Problem description |
Copy out the entire listing below exactly, but without its pictures.

(Recorded information begins)

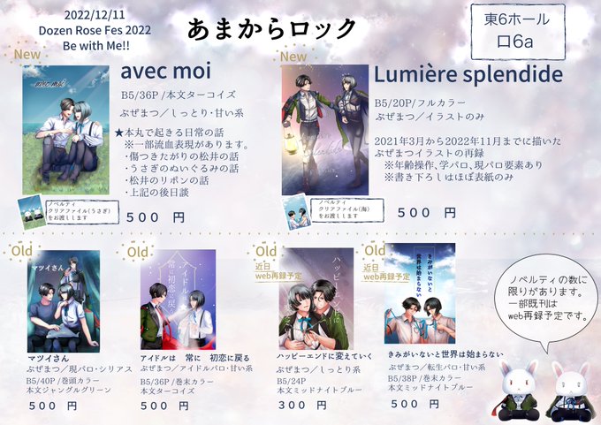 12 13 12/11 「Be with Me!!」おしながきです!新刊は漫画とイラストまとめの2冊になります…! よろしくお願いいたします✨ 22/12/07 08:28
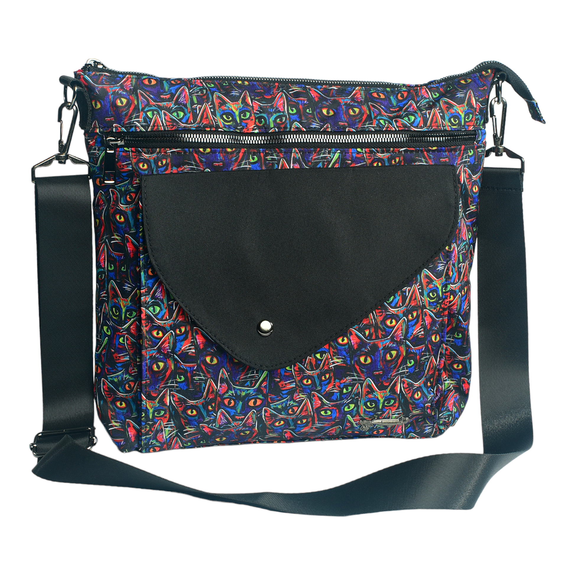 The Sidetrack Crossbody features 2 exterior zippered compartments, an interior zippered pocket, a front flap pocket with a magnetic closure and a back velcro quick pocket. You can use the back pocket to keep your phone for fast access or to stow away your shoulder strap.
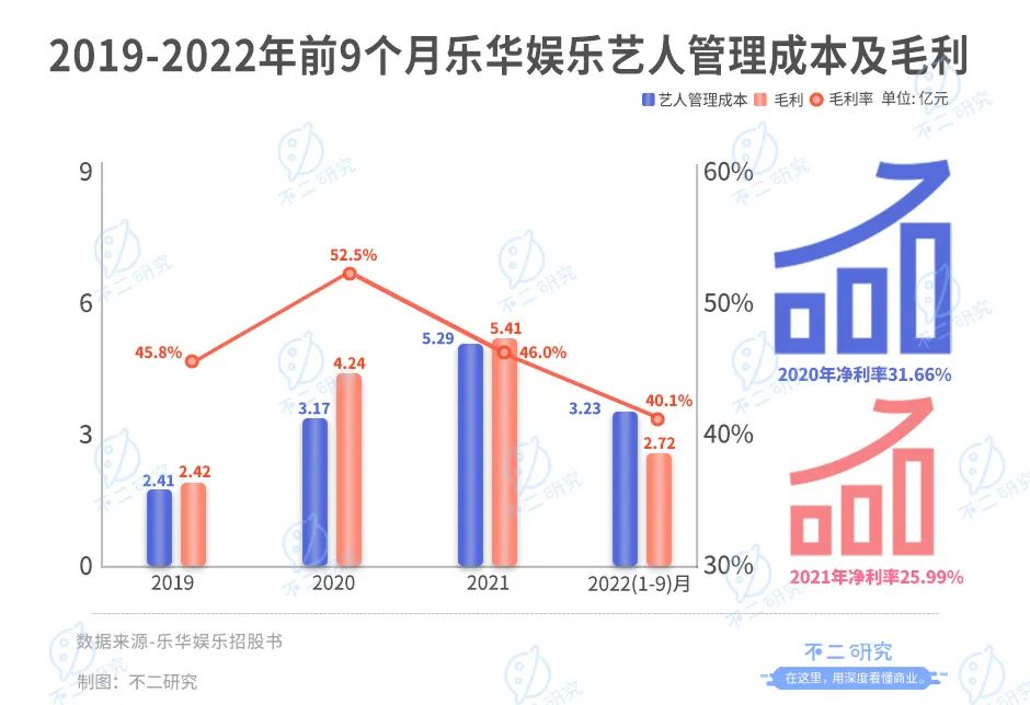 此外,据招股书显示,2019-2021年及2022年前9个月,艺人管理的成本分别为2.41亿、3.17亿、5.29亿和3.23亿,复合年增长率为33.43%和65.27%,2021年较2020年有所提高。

(Recorded information ends)

Solution to this problem |
 12 13 12/11 「Be with Me!!」おしながきです!新刊は漫画とイラストまとめの2冊になります…! よろしくお願いいたします✨ 22/12/07 08:28
 The Sidetrack Crossbody features 2 exterior zippered compartments, an interior zippered pocket, a front flap pocket with a magnetic closure and a back velcro quick pocket. You can use the back pocket to keep your phone for fast access or to stow away your shoulder strap.
 此外,据招股书显示,2019-2021年及2022年前9个月,艺人管理的成本分别为2.41亿、3.17亿、5.29亿和3.23亿,复合年增长率为33.43%和65.27%,2021年较2020年有所提高。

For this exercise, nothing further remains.